• Task goal:
With the pictures left aside, write out exactly the lines of the listing below from the line with "Este design capta" to the line with "Questo runner in", both included, and only those.

----------

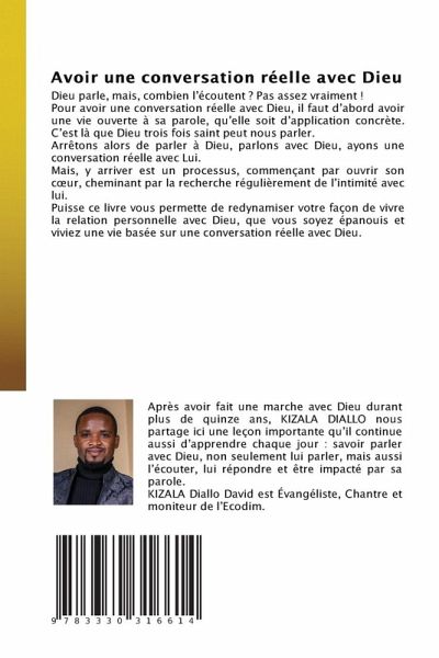 Dieu parle, mais, combien l'écoutent ? Pas assez vraiment !Pour avoir une conversation réelle avec Dieu, il faut d'abord avoir une vie ouverte à sa parole, qu'elle soit d'application concrète. C'est là que Dieu trois fois saint peut nous parler.Arrêtons alors de parler à Dieu, parlons avec Dieu, ayons une conversation réelle avec Lui.Mais, y arriver est un processus, commençant par ouvrir son coeur, cheminant par la recherche régulièrement de l'intimité avec lui.Puisse ce livre vous permette de redynamiser votre façon de vivre la relation personnelle avec Dieu, que vous soyez épanouis et viviez une vie basée sur une conversation réelle avec Dieu.
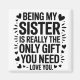 Este design capta a dinâmica divertida e amorosa entre irmãs. Com a citação "Ser Minha Irmã É Realmente O Único Presente Que Você Precisa - Ame Você", é uma maneira humorada, mas sincera, de expressar afeto. É perfeito para uma irmã que aprecia uma boa risada e sabe o verdadeiro valor dos laços entre irmãos... "Irmã Engraçada Presente: 'Ser minha irmã é tudo que você precisa' Cotação, amor você, coração, citações de amor, irmã engraçada, amor, aniversário, aniversário da irmã, ser parente comigo é realmente a única que você precisa, melhor irmã, para irmã, feriado, ser parente, apenas, ser minha irmã é "Presentes de Aniversário para Mulheres Amiga Mãe Irmã Bestie, Presentes de Natal de Casamento de Dia de as mães para Mulheres"
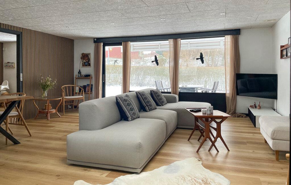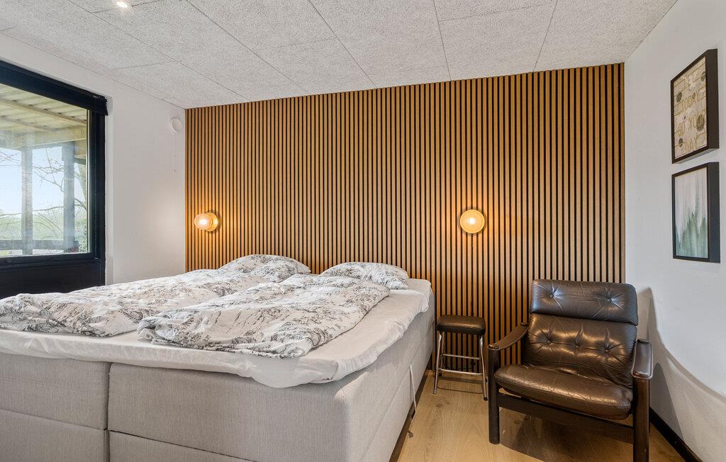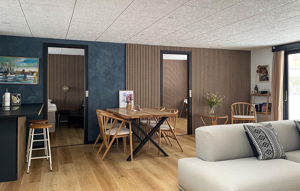 Tilbring jeres fritid i dette komfortabelt designede træhus, som lægger op til afslapning med sin varme atmosfære. Begynd dagene afslappet med en afslappet morgenmad ved spisebordet ved siden af ??det åbne, moderne køkken og brug den lyse opholdsstue til fælles øjeblikke. Spil kort, se en film, eller slap af med en bog i de rummelige sofaer.
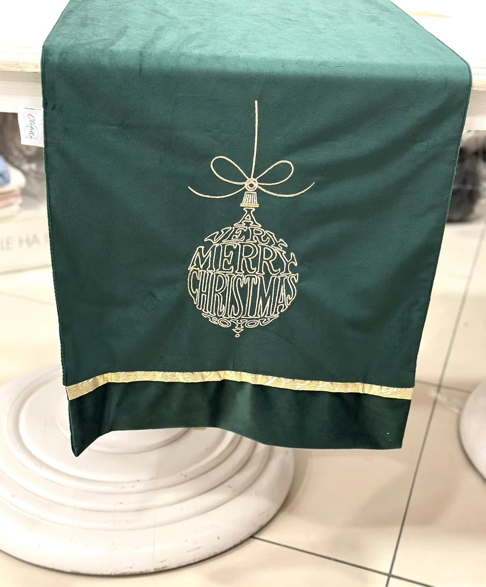 Questo runner in velluto natalizio è arricchito con un ricamo di sfera e una scritta 'Merry Christmas' con un fascione, perfetto per allestire la tua tavola o credenza durante le festività. Aggiungi un tocco di eleganza e allegria alle tue cene con questo raffinato runner. Sarà un elemento d'arredo perfetto per il tuo Natale.
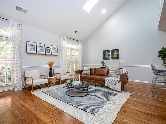 Fun Open Floorplan in this unique Townhome! The John Wieland resale boasts hardwood floors on the main with soaring vaulted ceiling in the recently renovated fireside Great Room which opens up to the spacious Dining Room area. The Kitchen features stained cabinetry, stainless steel appliances, and granite countertops. The Homeowner's Suite with Sitting Area is on the Terrace Level with access to a cozy private rear patio area. It also features the spa-like Homeowner's Bathroom complete with double vanities, jetted tub, separate shower, water closet, and walk-in closet! The other Bedrooms are on the third level along with a full Guest's Bathroom along with a nice Loft Area. This gated community feels like a resort with a spacious tri-level clubhouse complete with work-out facility, theater area, billiards, swim (2 pools) tennis (ALTA), walking trails, dog park, additional guest parking and sidewalks throughout!
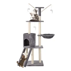 - PROTECT YOUR FURNITURE: Not only will your cat tower give your cat hours of fun, the sisal scratching post will also keep your sneaky feline friend away from your sofa (AKA makeshift scratching post) and out of mischief!
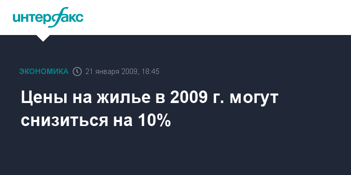 Цены на жилье в 2009 г. могут снизиться на 10%
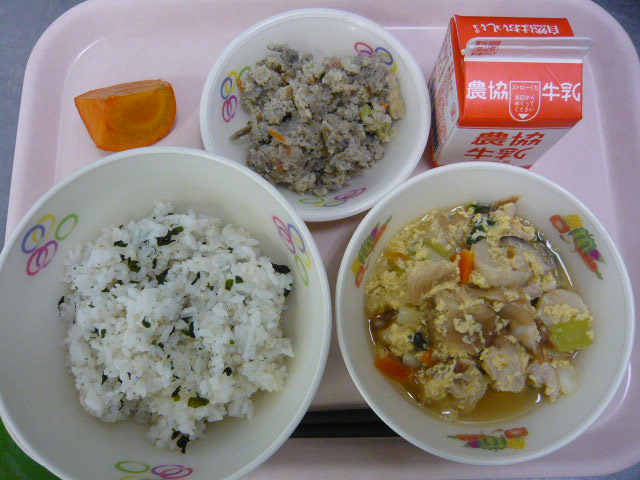 わかめごはん、たまごとじ、卯の花炒り煮、柿、牛乳
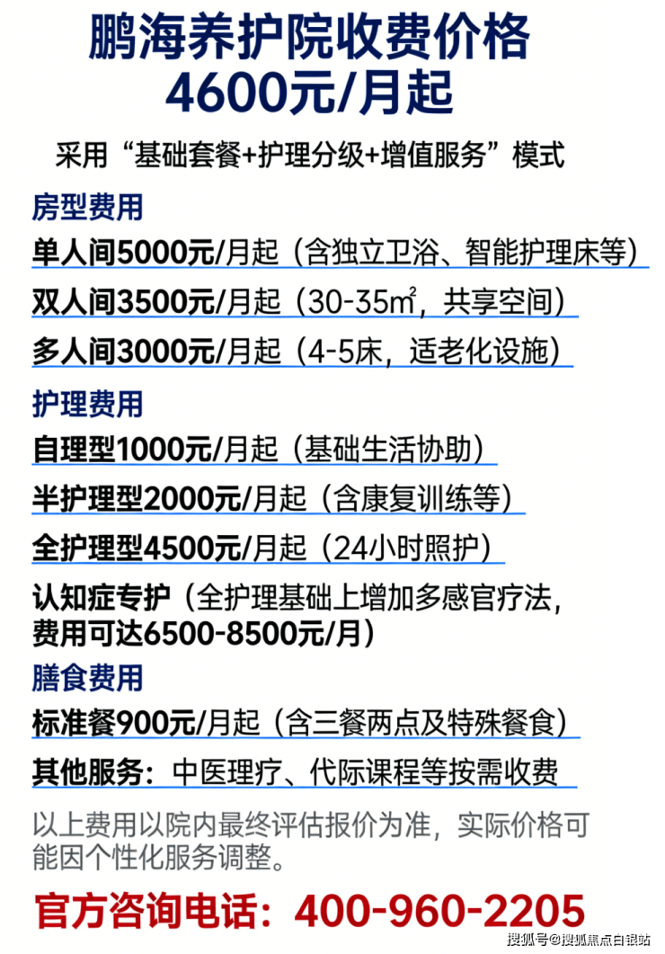 月费区间为8000-30000元。采用“基础套餐+护理分级+房型差价”的阶梯定价模式,支持高度个性化定制。
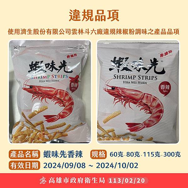 高雄市衛生局隨即派員前往裕榮食品股份有限公司,經查雲林縣濟生公司斗六廠流向高市裕榮食品股份有限公司不合格原料共8公斤,作為調味用,已於今年1月至2月初製成「蝦味先香辣口味」(規格60/80/115/300克,批號有效期限2024.9.8至2024.10.2)產品共31208.65公斤,現場已無該批不合格原料。

----------

• Task response:
 Este design capta a dinâmica divertida e amorosa entre irmãs. Com a citação "Ser Minha Irmã É Realmente O Único Presente Que Você Precisa - Ame Você", é uma maneira humorada, mas sincera, de expressar afeto. É perfeito para uma irmã que aprecia uma boa risada e sabe o verdadeiro valor dos laços entre irmãos... "Irmã Engraçada Presente: 'Ser minha irmã é tudo que você precisa' Cotação, amor você, coração, citações de amor, irmã engraçada, amor, aniversário, aniversário da irmã, ser parente comigo é realmente a única que você precisa, melhor irmã, para irmã, feriado, ser parente, apenas, ser minha irmã é "Presentes de Aniversário para Mulheres Amiga Mãe Irmã Bestie, Presentes de Natal de Casamento de Dia de as mães para Mulheres"
 Tilbring jeres fritid i dette komfortabelt designede træhus, som lægger op til afslapning med sin varme atmosfære. Begynd dagene afslappet med en afslappet morgenmad ved spisebordet ved siden af ??det åbne, moderne køkken og brug den lyse opholdsstue til fælles øjeblikke. Spil kort, se en film, eller slap af med en bog i de rummelige sofaer.
 Questo runner in velluto natalizio è arricchito con un ricamo di sfera e una scritta 'Merry Christmas' con un fascione, perfetto per allestire la tua tavola o credenza durante le festività. Aggiungi un tocco di eleganza e allegria alle tue cene con questo raffinato runner. Sarà un elemento d'arredo perfetto per il tuo Natale.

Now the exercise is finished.